The cuts were already healing. It was slightly disconcerting to see the skin start to knit together. On anyone else it would have needed stitches, but on Steve the marks would likely be gone in a day.

It made Bucky feel a little sad, for some reason.

‘Sorry, but they –’ Steve started.

And here came the anger again.

‘ _They hardly said anything Steve. They were pretentious jerks. Wanda was fine. Sam was fine. Everyone was fine.’_

Steve blinked at him, and then looked down, fiddling with the wet towel.

Fucking hell. Those shoulders. Those biceps. Bucky had never seen him shirtless before.

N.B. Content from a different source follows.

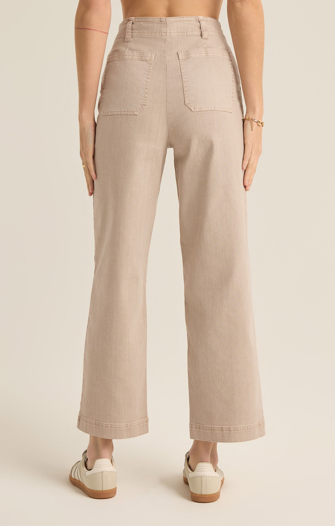 Upgrade your pant collection with our Bobbi Washed Pant. These high-waisted pants feature a zip fly closure and patch pockets at the front for convenience. The straight leg fit and regular inseam length of 26 1/2" add a stylish touch, hitting at the ankle for a flattering silhouette.

Sometimes he saw him on the news, his suit (which had improved with some design interventions from Tony) charred and dirty, his face bloodied and bruised. Bucky has once seen footage of him plummeting from a plane, holding just his shield. _Fucking idiot!_ Bucky had yelled at the TV. Who does that?

‘I know you’re a big hero, I know you fight evil and all that shit, but this is _my bar_ and I can _handle assholes_. They’re just ordinary, everyday assholes. Captain America doesn’t need to intervene.’

Bucky handed Steve another towel and took the wet one, throwing it in the laundry hamper with the beer-soaked bar rags.

Steve started drying himself off, rubbing the towel over the pale expanse of his damp skin, his hard, pink nipples.

And fuck, was Natasha helping him with his shopping now? Those jeans were _tight_ and was that all Steve Rogers in there how fucking big was –?

Bucky’s eyes snapped up and Steve was staring at him, pupils huge and dark with a thin rim of sky blue. His lips (so pink and pouty and wet) were slightly parted and his massive chest was rising and falling quickly. His hair, as ever, was sticking every which way, that cowlick falling over his forehead –

And Bucky was growling again, pressing his hand against the firm swell of Steve’s tits and pushing him back against the tile wall. Steve was a little taller than him and obviously a thousand times stronger. But he yielded to Bucky’s hand.

They stood for a long moment, staring at one another. Bucky had completely lost track of the purpose of this exercise. Was he reprimanding Steve?

His cock was hard in his pants. His breath was coming hard and fast.

Then he was pulling Steve off the wall, tugging him along behind him as he kicked the door to the alleyway open and slammed it behind them.

The night was warm, and they were sheltered in the doorway, the sounds of the city distant.

Bucky slammed Steve against the brick, pushing a finger into his bare, heaving chest.

‘You,’ Bucky said, ‘are a real jerk.’ Then he attacked Steve’s mouth – that pink, pouty, wet mouth. And Steve moaned, eyelashes fluttering, whole body turning to muscular putty against Bucky.

Bucky crowded in on him, kissing him hard, sucking on his tongue, biting down on his lips, tasting a tangy edge of blood.

Their bodies pressed in a hot line and Bucky ground their hips together, his cock throbbing at the feel of the bulge in Steve’s jeans.

Steve’s hands were on Bucky’s hips – finding flesh in the gap between Bucky’s t-shirt and his jeans. His hands were calloused. Which was strange. Bucky had thought they would be smooth and soft. _He’d thought about it?_

Bucky pushed even harder, pinching at Steve’s nipple and relishing the little cry that escaped his lips.

He moved his mouth down, biting Steve’s neck just below his ear and pulling out another pained moan.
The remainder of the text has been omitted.